Melihat situasi kondisi yang mengkhawatirkan itu, Lembaga Bantuan Hukum (LBH) Jakarta mendorong pemerintah pusat dan Dewan Perwakilan Rakyat (DPR) untuk membuat regulasi yang dapat mengakomodir kebutuhan perlindungan hukum dan hak asasi manusia bagi para konsumen pinjaman online.
Pengacara publik Jeanny Sirait, mewakili LBH Jakarta, mengatakan bahwa langkah pemerintah yang hanya menangani persoalan pinjol dari perusahaan yang tidak terdaftar tidak menjawab persoalan masyarakat. Sebab, dari dari sekitar tujuh ribuan laporan masyarakat yang masuk ke LBH Jakarta terkait kasus pinjaman online juga berasal dari perusahaan yang terdaftar.

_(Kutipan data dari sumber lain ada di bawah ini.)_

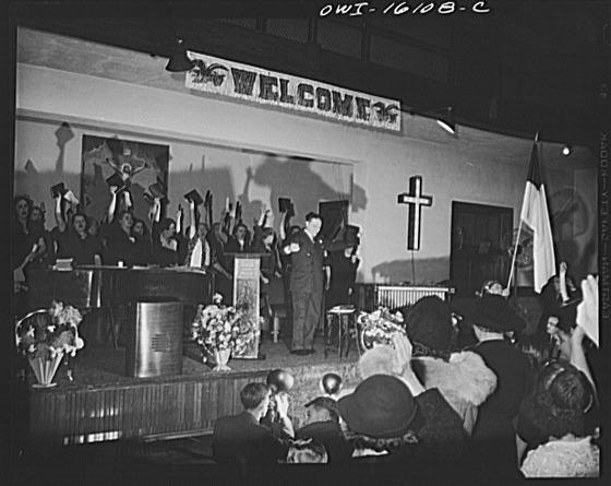 Toledo, Ohio. Evangelical church ceremony at which the preacher delivered a hysterical speech, and then burned a copy of Hitler's Mein Kampf
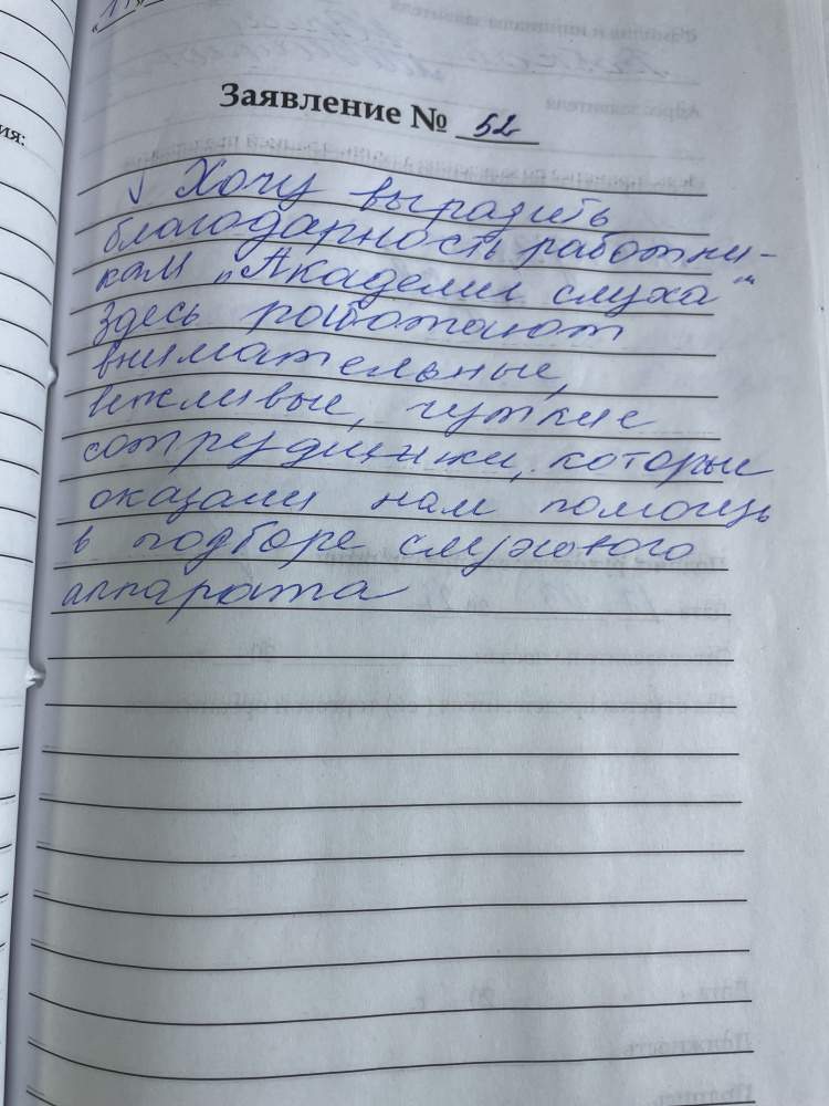 Хочу выразить благодарность работникам " Академии слуха".Здесь работают внимательные, вежливые, чуткие сотрудники, которые оказали нам помощь в подборе слухового аппарата
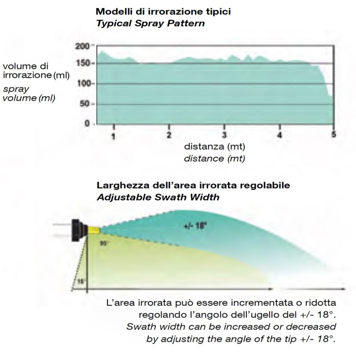 Materiali acciaio inossidabile AISI316, attacco filettato. Ideali per trattamenti di frutteti, vigneti, boschi, pascoli, prati, campi da golf.
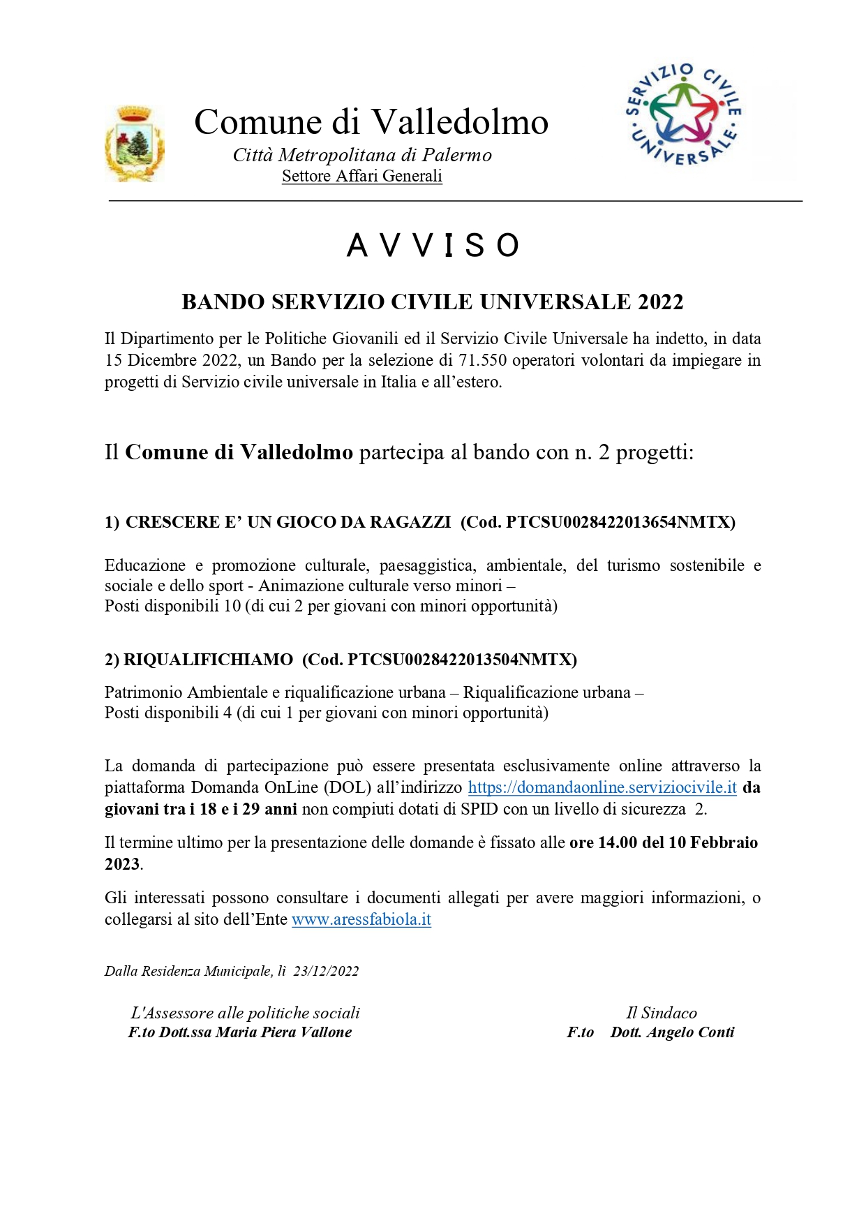 Bando Servizio Civile Universale - scadenza 10 febbraio 2023
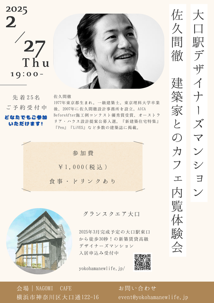 完成直前に、建築家からマンションの魅力・写真を使った内覧会をナゴミカフェで行います。
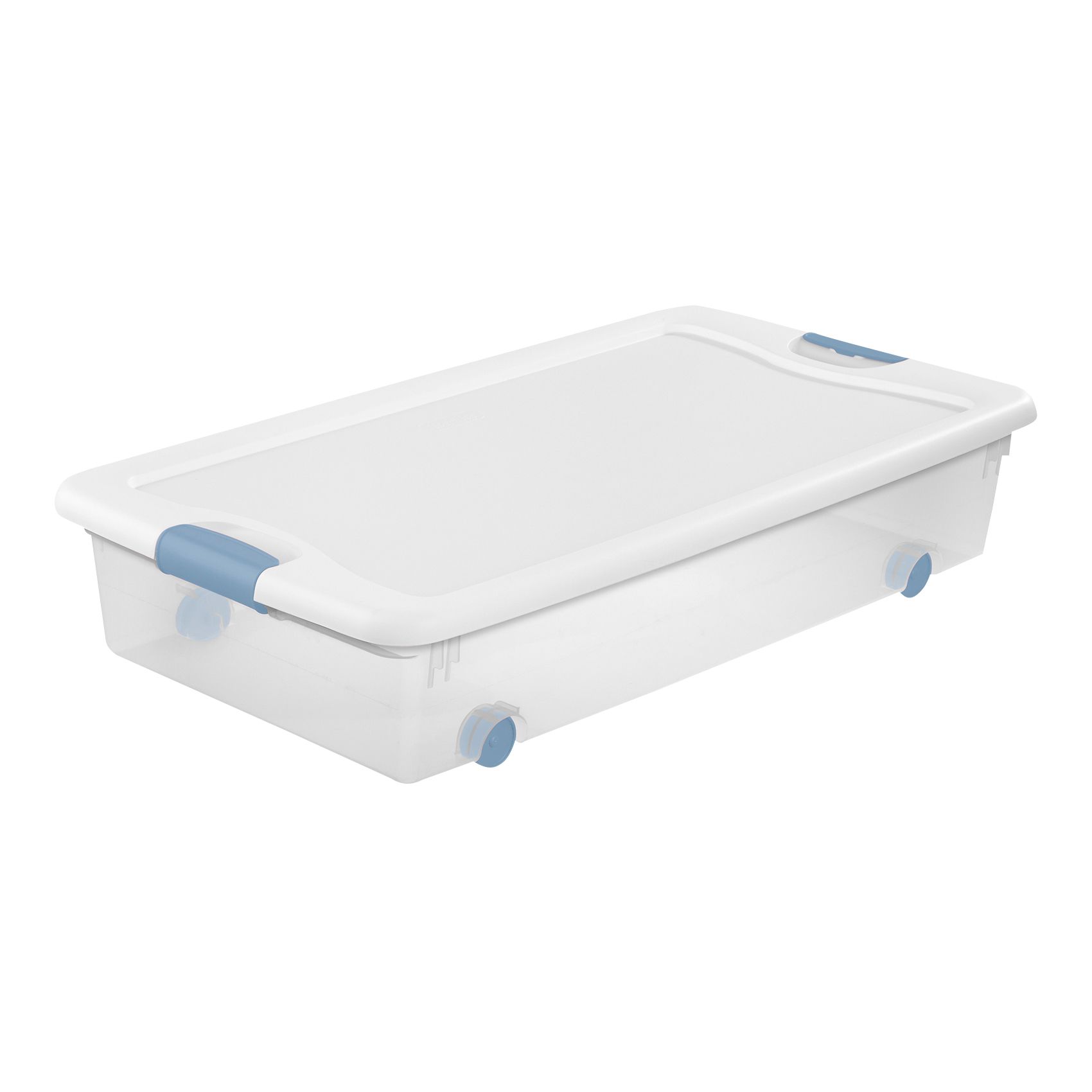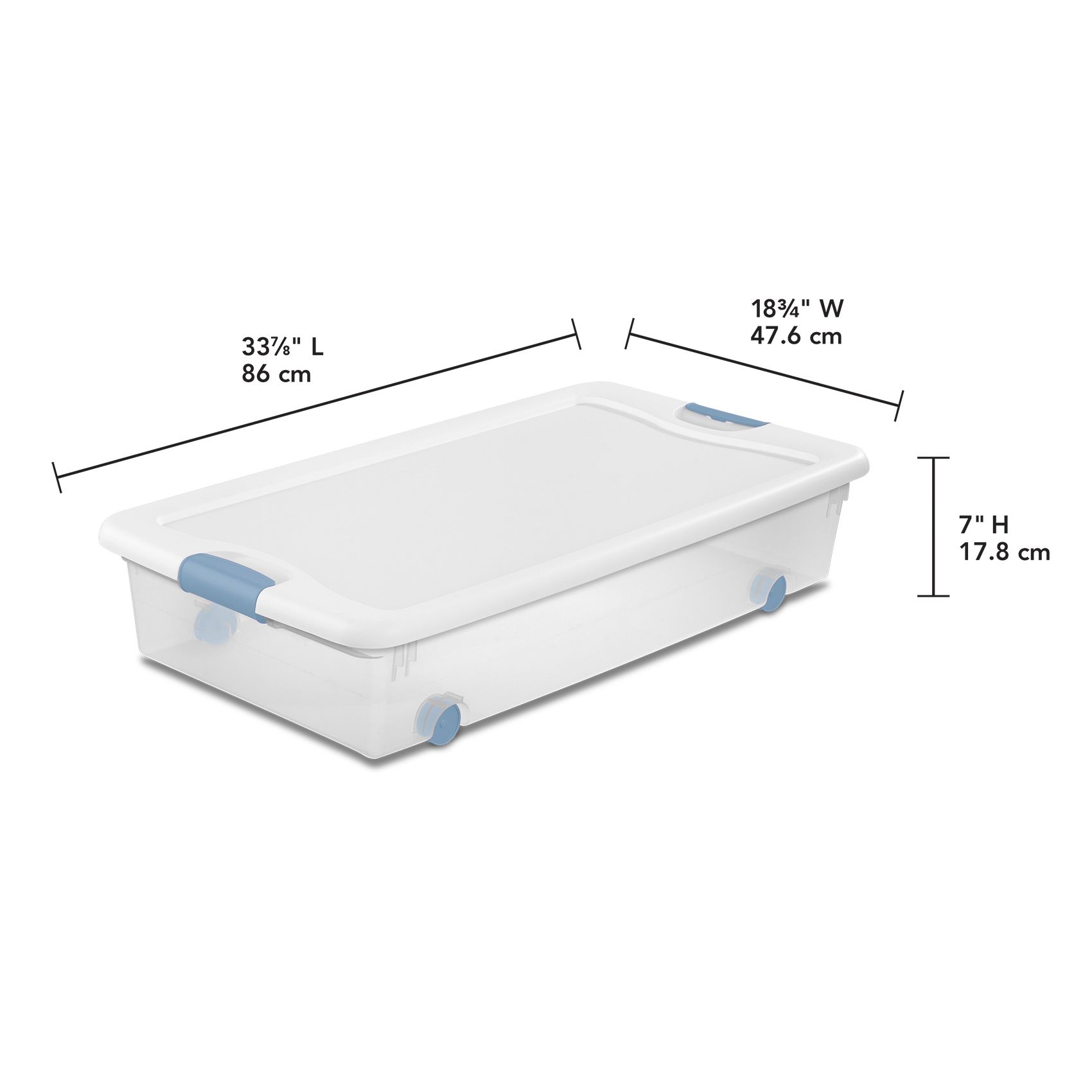 Need help getting organized? Step up to the Sterilite 56 Quart Wheeled Latching Box, featuring a modern space saving shape and an innovative hinging lid. Simply undo one latch and lift the lid for easy access, all with one hand. The other latch stays attached and acts as a hinge, even when the lid is opened all of the way. Better yet, the smooth gliding wheels allow this Latching Box to be easily slid out from storage beneath a bed. The 56 Quart Wheeled Latching box is the perfect solution for taking back control of your bedroom and organizing blankets, sweaters, and extra shoes. The recessed lids allow same size storage boxes to stack neatly on top of each other to use vertical storage space efficiently. The 56 Qt and 106 Qt Latching Boxes use the same lid, allowing both the shallow and deep sizes to be stacked in same footprint. The overall assembled dimensions of this item are 33 7/8" L x 18 3/4" W x 7" H.
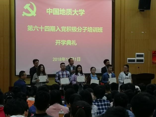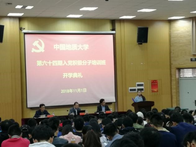 11月1日4:00,pp电子官方网站(武汉)第六十四期入党积极分子培训班开学典礼在教三109举行。校党委书记何光彩老师、组织部副部长刘治国老师、组织部朱丹老师及全体六十四期入党积极分子参加典礼。
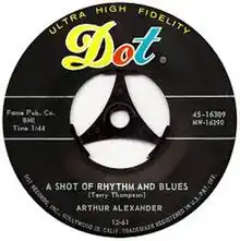 "A Shot of Rhythm and Blues" is a song written by Terry Thompson[1] and first recorded by US soul singer Arthur Alexander. It was originally released in the United States in 1961 and in the United Kingdom the following year, as the B-side of "You Better Move On".
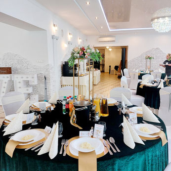 Do dyspozycji naszych gości oddajemy dużą salę weselną która przy odpowiednim ustawieniu stołów pomieści do 90 osób oraz przepiękny ogród z zadaszoną altaną w której organizujemy uroczyste wesela plenerowe. Sala zaaranżowana jest w ponadczasowym stylu Glamour z elementami złota i kryształów a dodatkowym elementem ,który zawsze rozświetla nasze wnętrza są świece .Zdecydowanie rekomendujemy stoły okrągłe, które zostają uzupełnione wygodnymi i miękkimi krzesłami w białych pokrowcach. Jednak posiadamy także układ na stoły prostokątne, więc zostanie to dopasowane do potrzeb gości.
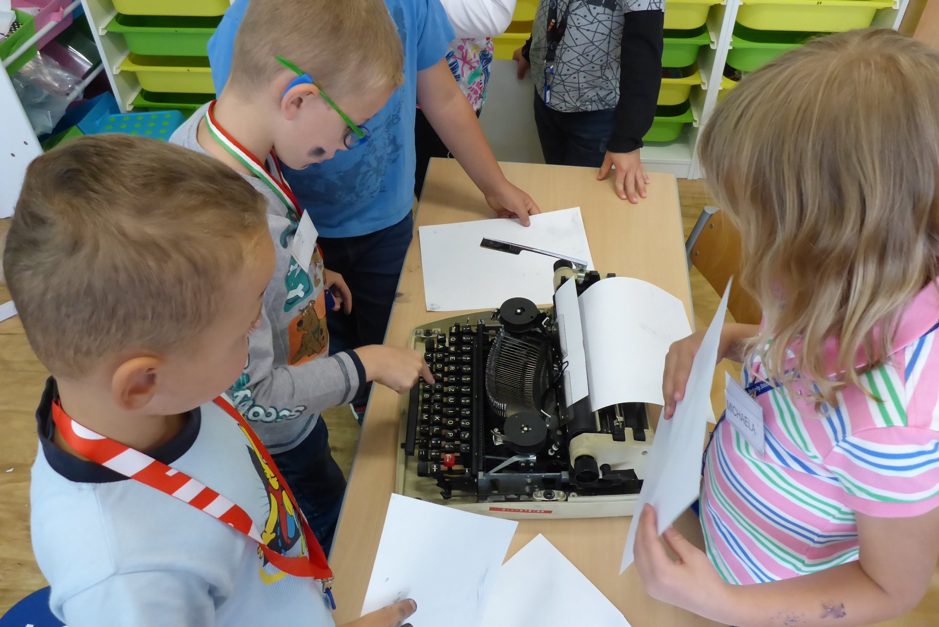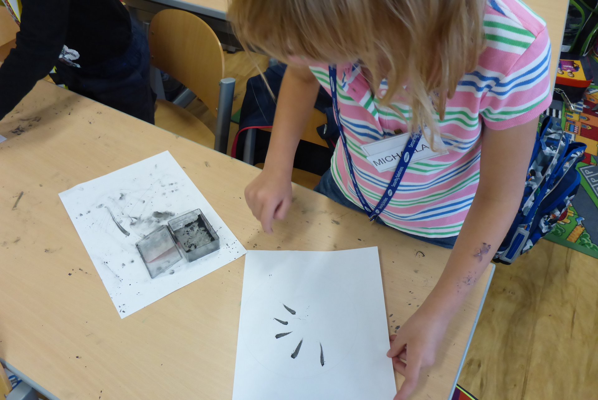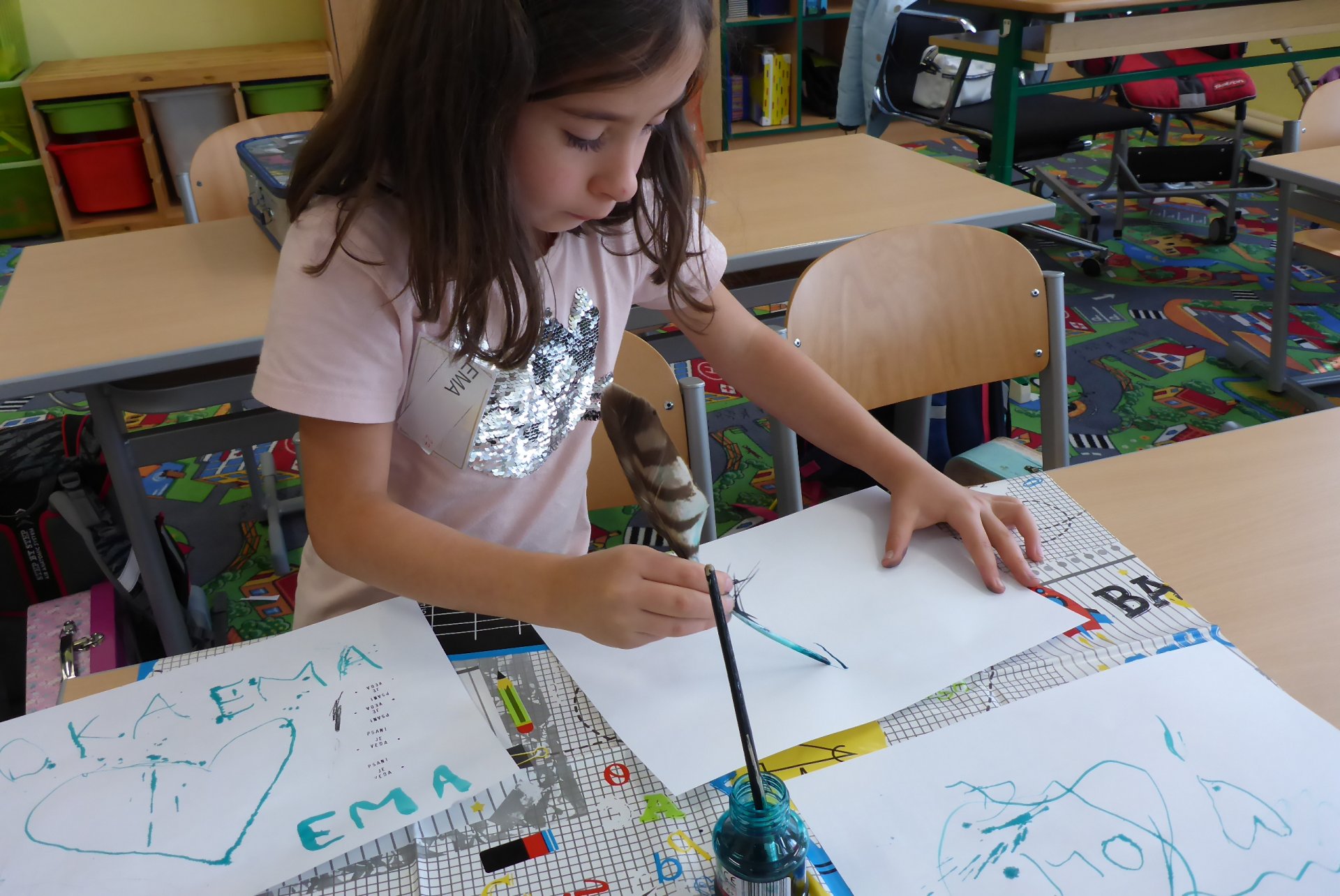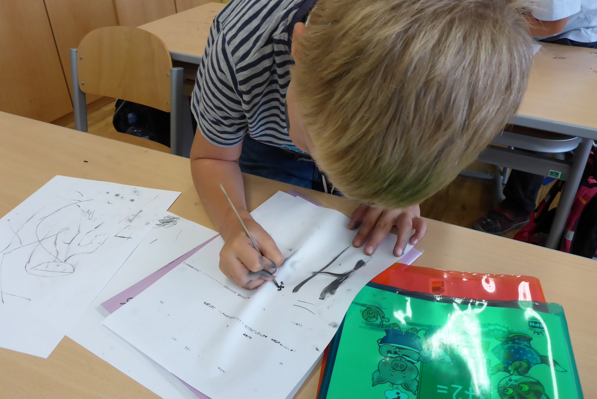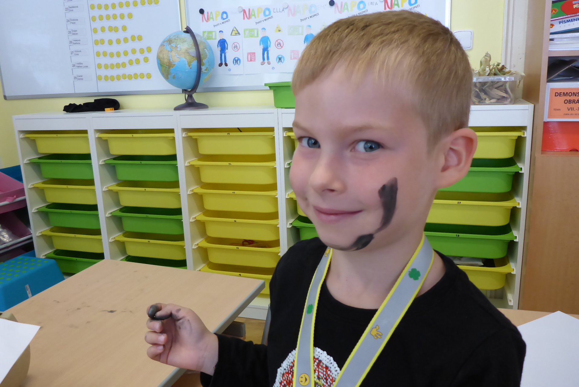 Pokud se Vám dnes děti vrátily domů nepatrně umouněné či různě zbarvené, vězte, že za to může naše dnešní písařská dílna. Vyzkoušeli jsme si totiž veškeré psací náčiní počínaje ohořelým dřívkem a konče psacím pianem :-)

"Kami tiga tahunan melakukan riset dan audiensi dengan lembaga-lembaga negara terkait, tapi tidak ada terobosan untuk masyarakat," jelas Jeanny kepada VOA, pada Minggu (24/10/2021) malam.
Saat ini, praktik pinjaman online diatur dalam Peraturan Otoritas Jasa Keuangan (OJK) Nomor 77 tahun 2016 mengenai Layanan Pinjam Meminjam Uang Berbasis Teknologi Informasi. Banyak pihak yang menilai bahwa peraturan tersebut tak cukup untuk menangani persoalan yang timbul akibat praktik pinjol terutama tentang perlindungan terhadap para konsumen.
Jeanny mengatakan bahwa lembaganya bersama para korban pinjol akan menempuh jalur hukum yaitu dengan mengajukan gugatan warga negara atau Citizen Law Suit. Hal Ini dilakukan karena pemerintah dan lembaga negara lain tidak kunjung merespons permintaan mereka akan pembuatan regulasi yang dapat mengakomodir perlindungan terhadap konsumen.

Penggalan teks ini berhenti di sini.